Facts About Indian Penny Stocks

Piggy Bank Investors are the favourite. The retail crowd especially loves them. They promise to provide huge benefits in a short span of time.

But at the same time, they are undoubtedly the riskiest types of stocks. They can crash at any time for any reason. They are notorious for destroying 90% of investors’ wealth in a matter of weeks or months.

Worse is their low liquidity in most cases. With only a limited number of shares being traded on any given day, a small increase in volume can move the stock in a big way. This is great if the stock rises but disastrous in case of a fall as most investors will not be able to sell at a good price.

Despite the risks, penny stocks are almost always popular. The only exception is during bear markets.

So in this article, we will summarize 10 important facts about Indian penny stocks.

  1. What is a penny stock?

Penny stocks are shares of listed companies with low market capitalization.
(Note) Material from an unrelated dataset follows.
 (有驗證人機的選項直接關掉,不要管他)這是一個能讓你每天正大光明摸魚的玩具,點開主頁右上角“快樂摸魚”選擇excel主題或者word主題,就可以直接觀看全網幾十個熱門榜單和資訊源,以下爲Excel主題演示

These stocks usually have low share prices, usually less than Rs 100 and often less than Rs 50.

In the US market, these shares trade for less than a dollar i.e. pennies. Because of this name.

These stocks, in general, have poor liquidity in the market i.e. they have low trading volume. It is common to see penny stocks trading less than a thousand shares in a day.
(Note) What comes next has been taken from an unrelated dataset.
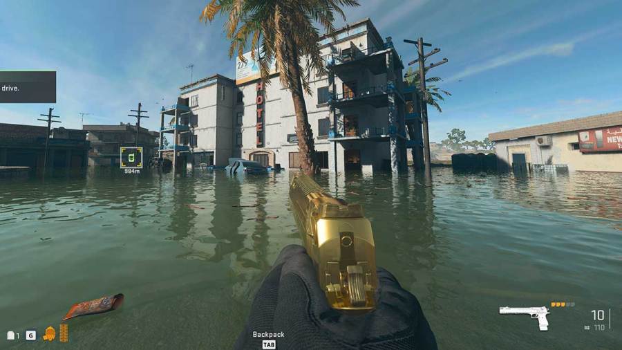 As mentioned in the mission's description, the golden .50 GS can be found in Room 302 of the Sawah Hotel. This building is located in the center of Sawah Village, in the southwestern region of Al Mazrah, as marked in the map above. Take the elevator or stairs to reach the top floor and open Room 302 using its key. Also, make sure to exfil successfully with the gun for the mission progress to count. The gun isn't that good in my opinion, but you can store it in your contraband stash for later use.

  1. Potential Profits in Penny Stocks

Well-chosen fundamentally strong penny stocks have the potential to deliver more than 1,000 percent gains within 1-3 years. This is almost impossible in the case of any other stock category.

This is the main reason for his popularity. Investors are aware of these potential benefits and are looking for fundamentally strong penny stocks.

  1. risk in penny stocks

it is common to see Penny stocks fall 80-90 Percentage when the market enters a downtrend. Therefore, investors should be very cautious and cautious about penny stocks.

Often many retail investors think they can make a fortune in penny stocks. They invest most of their funds in one or a few penny stocks.

The result is usually a disaster. There is no shortage of stories in the stock market of people losing their lifetime savings in penny stocks.

  1. The Big Penny Stock Myth

There is a big myth about penny stocks in the market. You may have heard this: Penny stocks are the best way to get rich.

Even those who have not invested in the stock market must have heard this myth. A few penny stocks will do well in a bull market. Some will definitely become multibagger penny stocks.

This assures retail investors that penny stock investing is their best bet for getting rich in the stock market. What they don’t realize is that investing in penny stocks is probably the best way to destroy their portfolio.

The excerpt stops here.